I'd like to train doc2vec on items consisting of 2 bits of information: a) text (in legal domain) b) keywords and/or references to other legal texts extracted from the text I want my model to be able to identify similar texts according to, basically, 2 criteria: a) textual similarity and b) presence of keywords/references
Are there any best practices for a case such as this? My ideas so far: - join text and keywords/referenes into a single string and train a model on that - train two independent models (two vectors will be produced: for text and for keywords
I'm assuming by 'doc2vec' you mean the gensim
implementation of the 'Paragraph Vector' algorithm, in the class Doc2Vec
.
Both of your approaches might work and could be worth testing.
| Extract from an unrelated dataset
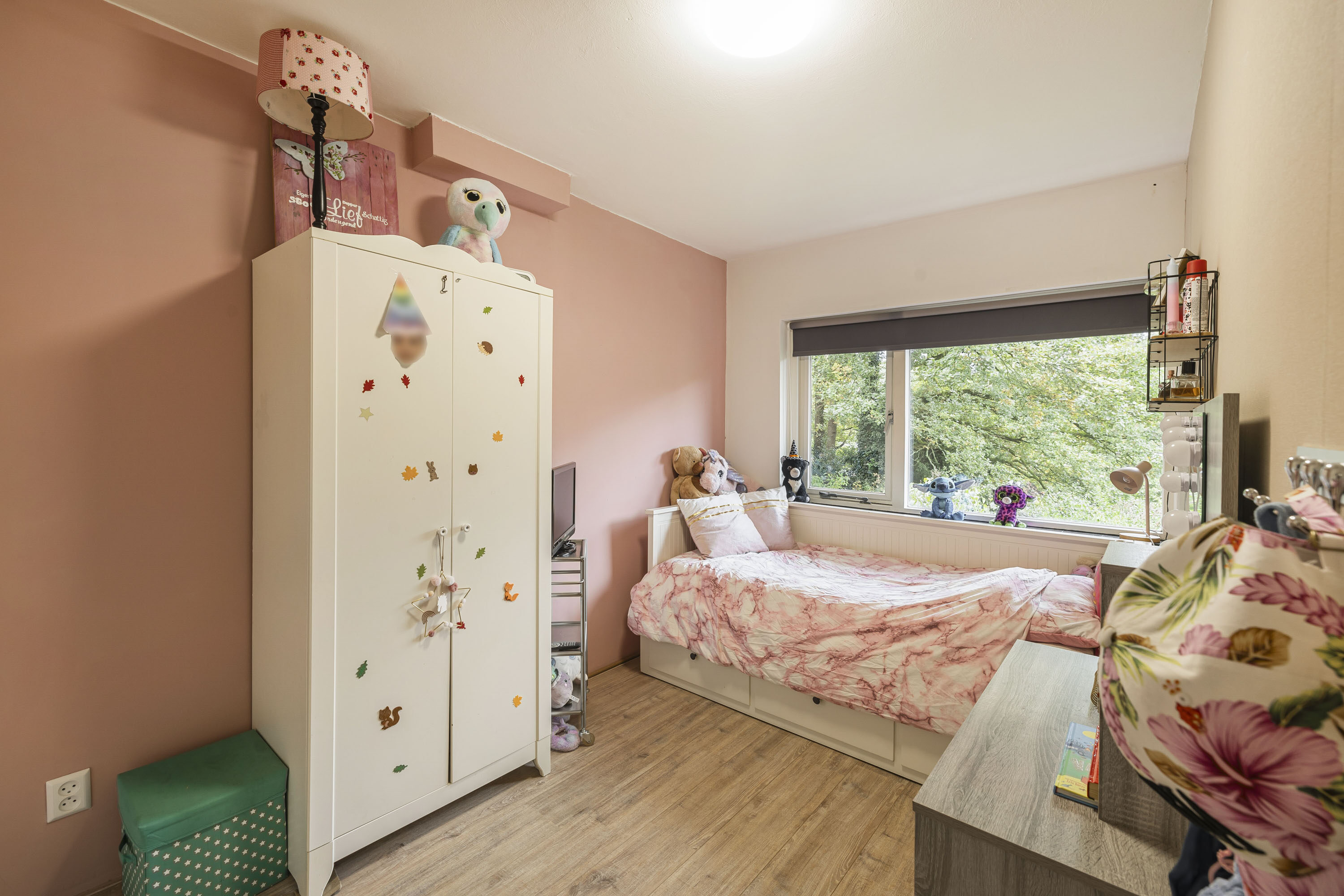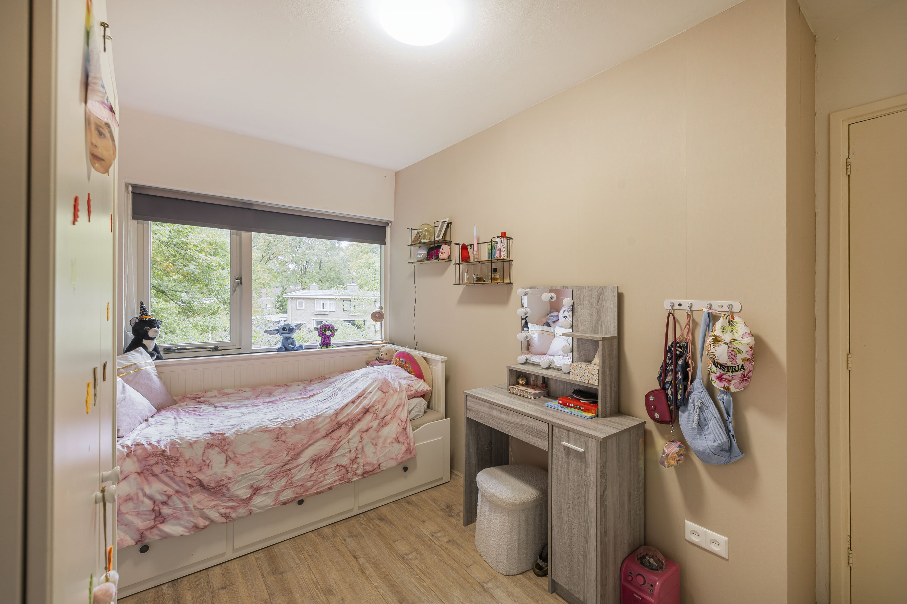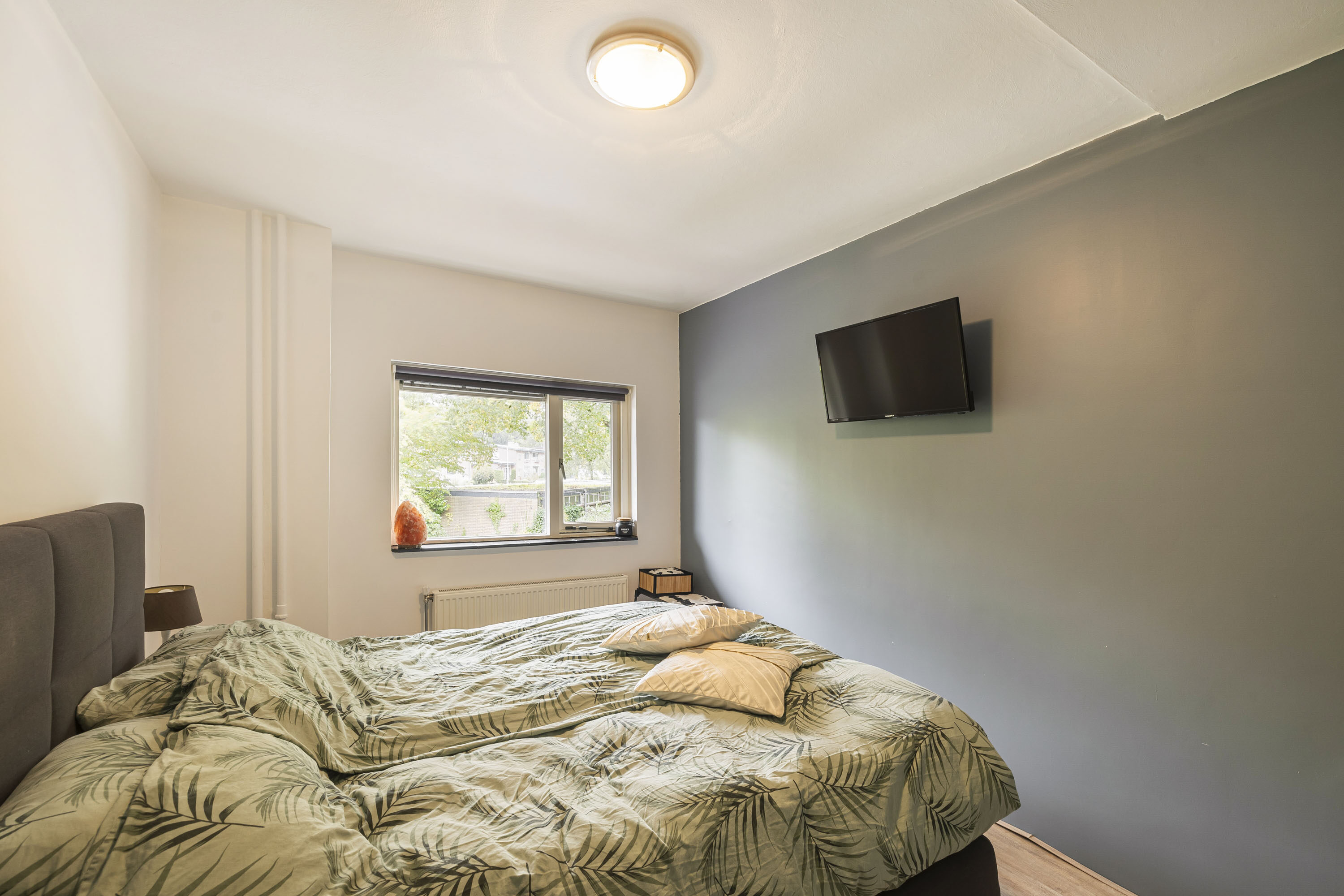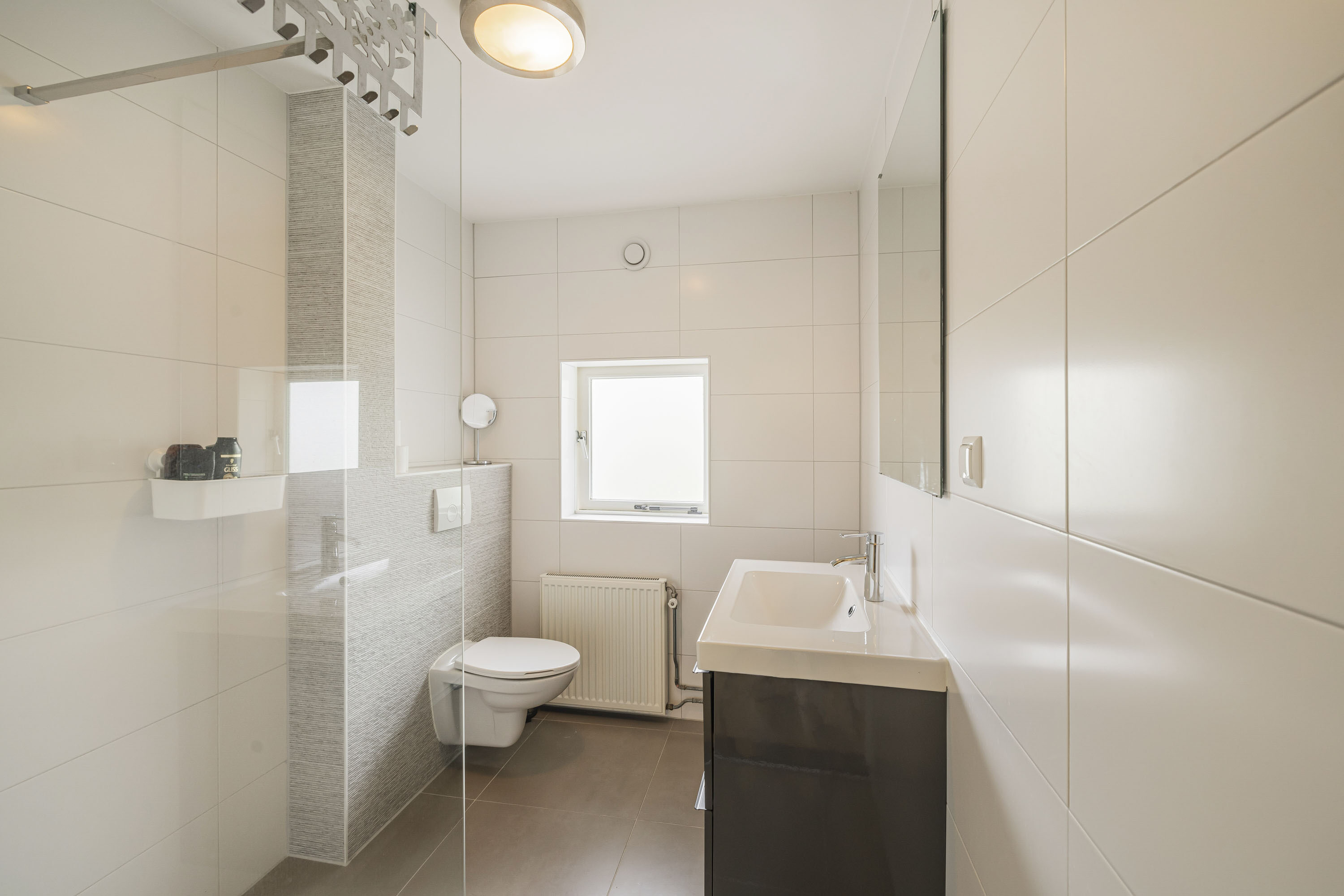 Via de vaste trap kom je op de overloop, die toegang geeft tot drie slaapkamers van 6,5 m², 9,7 m² en 12 m². Alle kamers zijn recht opgetrokken en voorzien van een nette laminaatvloer. Daarnaast zijn er op deze verdieping vier inbouwkasten aanwezig, wat zorgt voor veel opbergruimte. De badkamer aan de voorzijde heeft een moderne en rustgevende uitstraling, met een inloopdouche, wastafelmeubel en toilet.

There's no facility in the Doc2Vec
class for feeding distinctly "other" data in, but you can make that data look like extra word-tokens, or extra tags
, and thus have the cross-correlations of those other values affect, and be embedded within, the resulting vector-space.
Specifically, if you want your "keywords and/or references" to be modeled alongside the whole text, and not just the normal-words they might happen-to-be-next-to (if they were appended to the text), you should especially try one or both options of:
using the PV-DBOW mode (dm=0
), which does not use word-to-nearby-word influences (within a context window
)
placing the keywords or references as extra tags
, in addition to unique-to-the-document ID tag (that's the classic way of naming doc-vectors)
(If trying two separate models, you might have the model based on natural texts still use PV-DM modes affected by a window
, while the essentially unordered-nature of keywords/references would use a PV-DBOW mode.)